● **WHAT IS EXPECTED**:
Your task is to transcribe the data exactly while omitting each picture.

● **DATASET EXCERPT**:

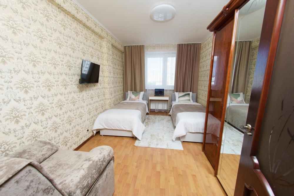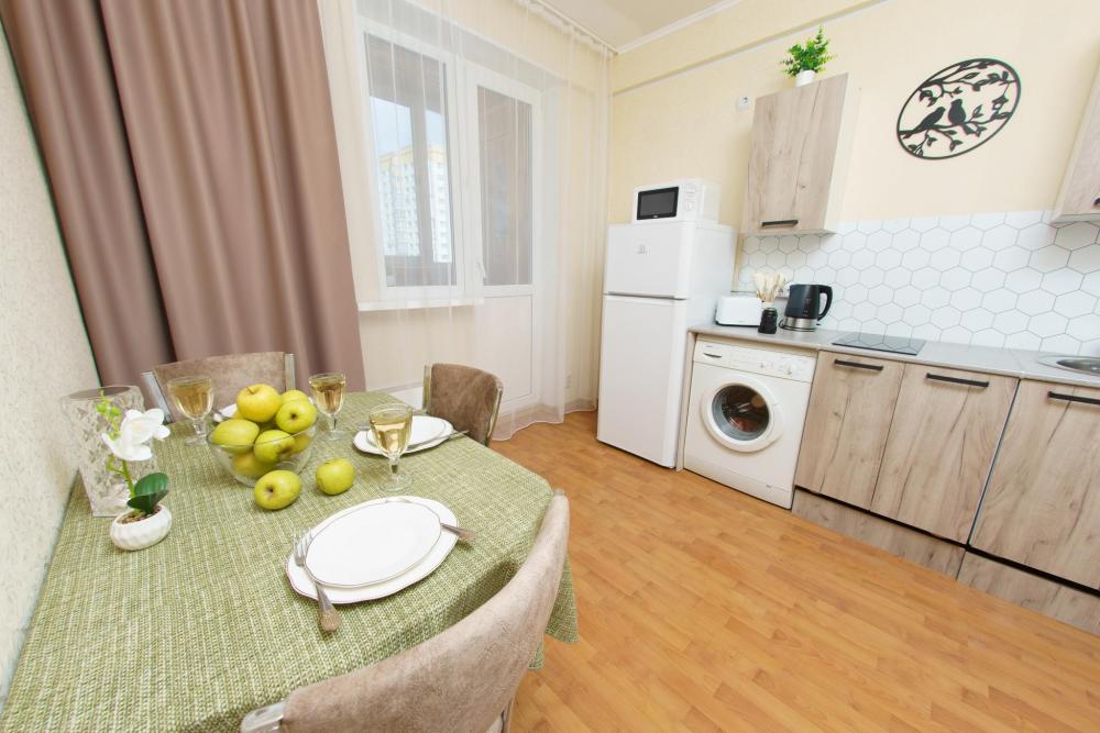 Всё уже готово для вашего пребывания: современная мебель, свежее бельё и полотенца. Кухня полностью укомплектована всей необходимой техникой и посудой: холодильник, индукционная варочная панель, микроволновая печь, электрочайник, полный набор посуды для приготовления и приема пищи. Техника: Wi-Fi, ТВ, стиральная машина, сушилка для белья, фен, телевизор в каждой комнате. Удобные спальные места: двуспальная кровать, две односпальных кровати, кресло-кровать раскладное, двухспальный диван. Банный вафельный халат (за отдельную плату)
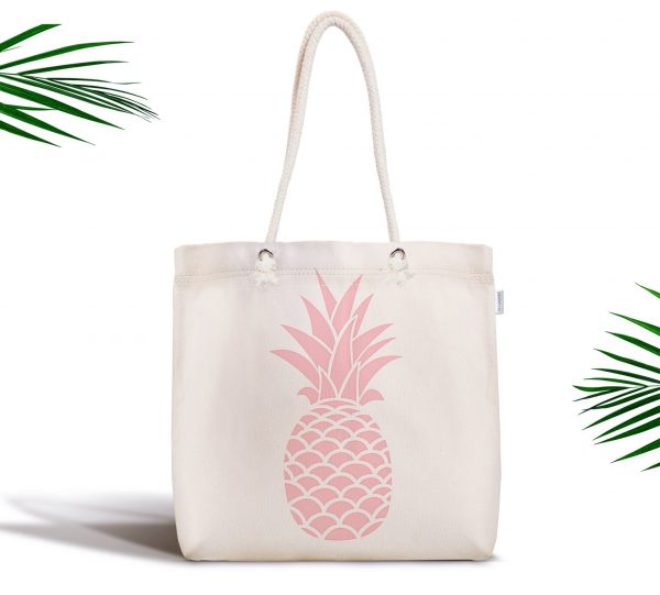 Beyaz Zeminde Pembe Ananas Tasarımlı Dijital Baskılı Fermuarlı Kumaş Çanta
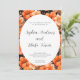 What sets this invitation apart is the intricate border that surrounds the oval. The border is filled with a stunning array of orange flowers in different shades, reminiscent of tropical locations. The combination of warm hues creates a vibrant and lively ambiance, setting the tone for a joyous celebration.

● **RESPONSE AREA**:
 Всё уже готово для вашего пребывания: современная мебель, свежее бельё и полотенца. Кухня полностью укомплектована всей необходимой техникой и посудой: холодильник, индукционная варочная панель, микроволновая печь, электрочайник, полный набор посуды для приготовления и приема пищи. Техника: Wi-Fi, ТВ, стиральная машина, сушилка для белья, фен, телевизор в каждой комнате. Удобные спальные места: двуспальная кровать, две односпальных кровати, кресло-кровать раскладное, двухспальный диван. Банный вафельный халат (за отдельную плату)
 Beyaz Zeminde Pembe Ananas Tasarımlı Dijital Baskılı Fermuarlı Kumaş Çanta
 What sets this invitation apart is the intricate border that surrounds the oval. The border is filled with a stunning array of orange flowers in different shades, reminiscent of tropical locations. The combination of warm hues creates a vibrant and lively ambiance, setting the tone for a joyous celebration.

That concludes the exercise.